What the task asks →
Leaving the pictures aside, write out the whole listing below exactly.

Provided material →
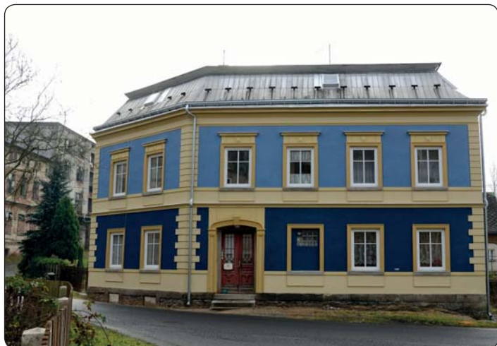
Nová fasáda a okna - Kyjovská 53.
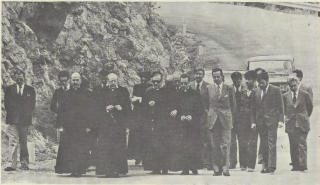
O Servo de Deus reza o Rosário, com um grupo de filhos seus, a caminho da Ermida de Torreciudad, no dia 24 de Maio de 1975.

chegar à ermida, num local onde agora se ergue um cruzeiro. Descalçou-se e fez este último percurso a pé. A estrada não estava ainda asfaltada e o cascalho feria-lhe os pés. O caminhar era lento, sob um tempo inclemente.
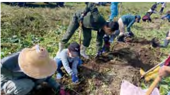
江部乙小 さつまいも収穫

Your response →
Nová fasáda a okna - Kyjovská 53.
O Servo de Deus reza o Rosário, com um grupo de filhos seus, a caminho da Ermida de Torreciudad, no dia 24 de Maio de 1975.

chegar à ermida, num local onde agora se ergue um cruzeiro. Descalçou-se e fez este último percurso a pé. A estrada não estava ainda asfaltada e o cascalho feria-lhe os pés. O caminhar era lento, sob um tempo inclemente.
江部乙小 さつまいも収穫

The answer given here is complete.